Jeśli szukacie prawniczego thrillera, odrzućcie na bok wszelkie mrozopodróby i weźcie do ręki tę książkę Eskensa. Oto przed wami bardzo przyjemna i wciągająca książka z pogranicza kryminału oraz wspomnianego przeze mnie prawniczego dreszczowca.

Max wielokrotnie wdawał się w sądowe spory z Benem Pruittem. Ma o swoim rywalu jednoznacznie negatywne zdanie. Czytelnik, patrząc na sytuację przez pryzmat doświadczeń Maxa, siłą rzeczy wychodzi od pewnego sposobu myślenia, aby później ów pogląd na sytuację weryfikować wraz z rozwojem akcji i zbieraniem dowodów.

Tu pojawia się istotny plus tej książki! Znajdziemy tu opisy miejsc zbrodni i dokładne relacje z autopsji zwłok. Bohaterowie przedstawią nam swój sposób wnioskowania oraz dochodzenia do hipotez. Powieść stanowi zatem doskonały materiał do amatorskiej śledczej analizy. Dzięki takiemu konstruowaniu akcji w trakcie lektury zmieniamy zdanie na temat winy i odpowiedzialności co najmniej kilkakrotnie, uruchamiamy emocje, wyraźnie sympatyzując z bohaterami lub - względem innych - czując niechęć i nie akceptując pewnych zagrywek. Emocje towarzyszą, tak bohaterom, jak i czytelnikowi, także na sali sądowej.

Same postaci wykreowane przez Eskensa nie są oczywiste. Ich motywacje bywają dyskusyjne, decyzje kontrowersyjne, a postawy nie pozostawiają nas bez refleksji Oto dowód na to, że kryminał nie musi być mało ambitnym zabijaczem czasu.

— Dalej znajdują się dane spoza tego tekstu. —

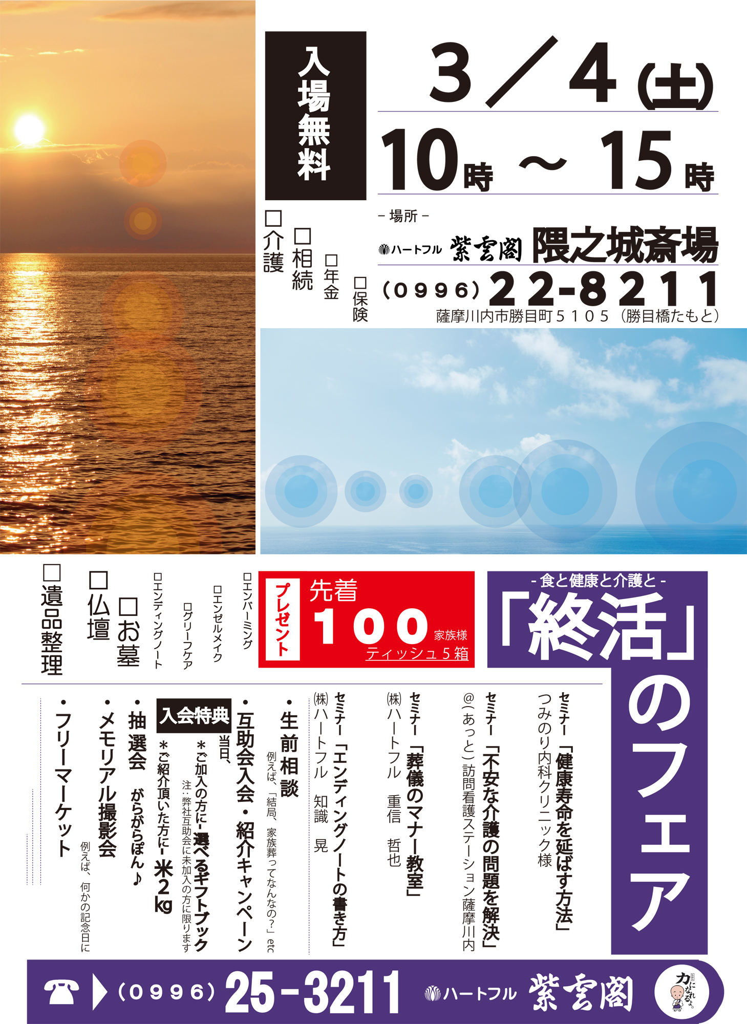 3/4(土)、隈之城斎場にて、感謝祭を開催いたします。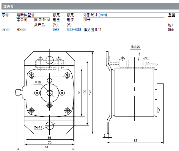 由純銀片制成的變截面熔體封裝于由高強(qiáng)度瓷制成的熔管內(nèi);熔管中充滿經(jīng)化學(xué)處理過的高純度石英砂作為滅弧介質(zhì);熔體二端采用點(diǎn)焊與觸頭牢固電連接。熔斷體型式有方管刀形觸頭和方管平板形觸頭兩種。熔斷體可帶指示器或撞擊器,當(dāng)熔體熔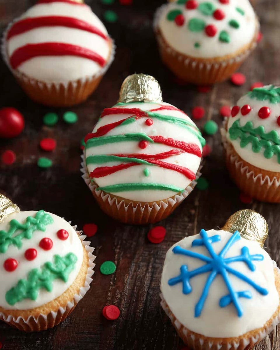 - Decorate Ornaments: Pipe ornament designs onto the frosted cupcakes using the colored frostings to mimic Christmas ornament patterns.

W książce Eskensa rzeczy nie są oczywiste i ewidentne. Zakończenie zaskakuje, choć jest logicznie związane z treścią całości, o czym możemy się przekonać, czytając książkę ponownie. Rzadko decyduję się na takie zabiegu, a tutaj warto. Bardzo przyzwoita książka dla miłośników gatunku i nie tylko dla takich właśnie. Myślę sobie, że „Niebiosa mogą runąć” to bardzo dobra pozycja do rozpoczęcia swojej przygody z tego typu powieściami.